As usual, this is not a full attempt with the proper time limit. This is my instinctive brainstorming and observations, together with comments when I check the discussions.

Q1. Do you call that combinatorics? Or algebra? I think it has bits of everything yet so simple that makes it hard to classify.

For $n=3$ that is pretty simple where you come up with the possibility of $k = 0,1,3$. But what about the general $n$? That must be by induction for sure, and it would be nice if we can reduce the $n$.

My instinct is an idea similar to the reciprocity proof: how many lattice points a line would cross given the first crossed point and the rational slope? That is simply the denominator of the slope at simplest form. That says, sunny lines are inefficient in covering the points whose size grows quadratically. However, this approach is so vague and leaves the cover set in a mess. Thus I changed the covering focus to the boundary instead.

To be more precise, we focus on the colinear lattices $(1,b)$. Two cases to consider: if we include the line $x=1$ that passes through all those lattices we can reduce to lower $n$. If not, that is $n$ distinct lines passing through the $n$ lattices. For that case we ask the question: what lines cover the lattices $(b,n+1-b)$? If they are covered by the line $x+y = n+1$ then we reduce to lower $n$, otherwise again they are again covered by $n$ distinct lines.

Now this is a matching between the $(n-1)$ lattices $(1,1),...,(1,n-1)$ and $(2,n-1),...,(n,1)$ so that it covers all lattices not covered by the line connected to $(1,n)$. We focus on the lattices $(2,1),...,(n-1,1)$. If the line connecting $(1,1)$ does not connect $(n,1)$, all such $(n-2)$ lattices are not covered. They can't be covered by any other line connecting $(1,2),...,(1,n-1)$ either because such line won't be able to connect a lattice on $x+y=n$ then. Thus either $n=3$ or we force the line $y=1$. 

From the above we established that we can always reduce $n$ by arguing at least one of the lines would be the edge of the outermost triangle, so we can reduce $n$ until $n=3$ where we already know the answer.

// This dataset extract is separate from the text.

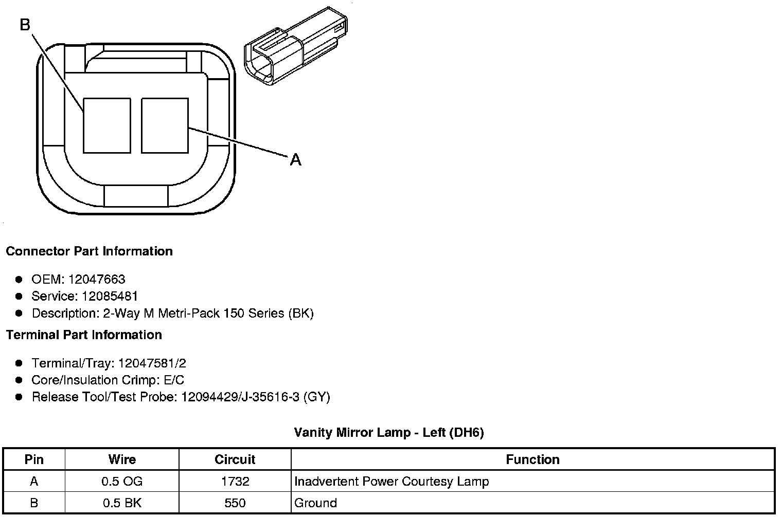 Vanity Mirror Lamp - Left (DH6)

I thought this is a nice argument until I checked AoPS.

oh.

OOOOHHHHHHH.

Point counting around the outermost triangle with inequality $2n \leq 3n-3$ is much better.

Q2. Geometry outside of Q1/4 is hopeless for me as usual. Interestingly if I had 4.5 hours I can actually hardbash this geometry question by co-geom. It gets even more feasible with the fact that I can actually do Q3 timely this year. It is also simple enough in the sense you do not need to use vector calculus or the ratio gimmick stuff.

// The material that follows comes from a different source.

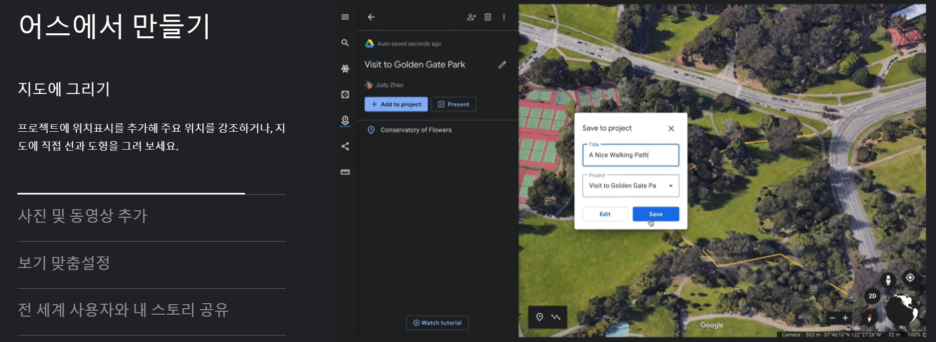 지도에 직접 선과 도형을 그릴 수 있고 3D보기를 저장하거나 360도로 이미지 확인도 가능합니다. 세상에서 가장 정교한 디지 지구본이라고 할 수 있습니다.

Q3. Surprisingly easy really. When you see statements in the type of "$f(a)$ satisfies proposition $P(a,b)$ for all $a,b$" you know this is an extremely powerful statement to be exploited by picking the right $b$. It also allows us to approach by thinking about the factorization of $f(a)$.

Believe or not, these two approaches are all you need for this problem.

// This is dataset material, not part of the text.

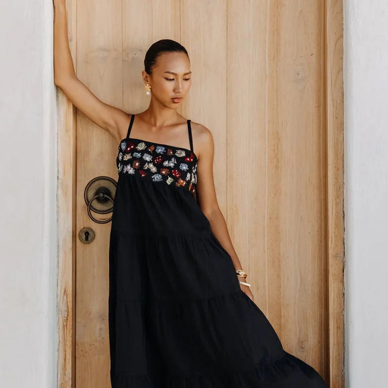 - Ankle length maxi- Embroidery details- Elasticated at back- Adjustable straps

- For prime $p$ we know that $f(p)\mid p^p$ so $f(p)$ is power of primes. 
- For $f(x)\neq x$ (we know the identity function does not satisfy the functional equation), $f(p) \mid x^p - f(x)^{f(p)}$ but $x^p -f(x)^{p^c} \equiv x-f(x)$ mod $p$ so $p\mid f(x)-x$ which is impossible for large enough $p$. Thus $f(p) = 1$ for all large enough primes.
- Suppose $a$ odd and $p\mid f(a)$ for odd prime $p$. Let $q$ be large enough so that $f(q) = 1$ and is primitive mod $p$. Then $f(a) \mid q^a-1$, but since $q$ is primitive we know $p-1\mid a$ which is impossible since $p-1$ is even and $a$ is odd. Checking $f(a) \mid a^a - f(a)^{f(a)}$ shows that $f(a)$ is odd as well. Thus $f(a) = 1$.
- Suppose $p\mid f(a)$ for prime $p$, then $p\mid f(a)\mid p^a-1$ forces $p=2$, so $f$ maps to powers of 2. (Notice the order, we need the previous claim so that $f(p) = 1$ for all odd primes.
- It is all prime power ($v_2(a)$) chasing and construction of a tight example at the end.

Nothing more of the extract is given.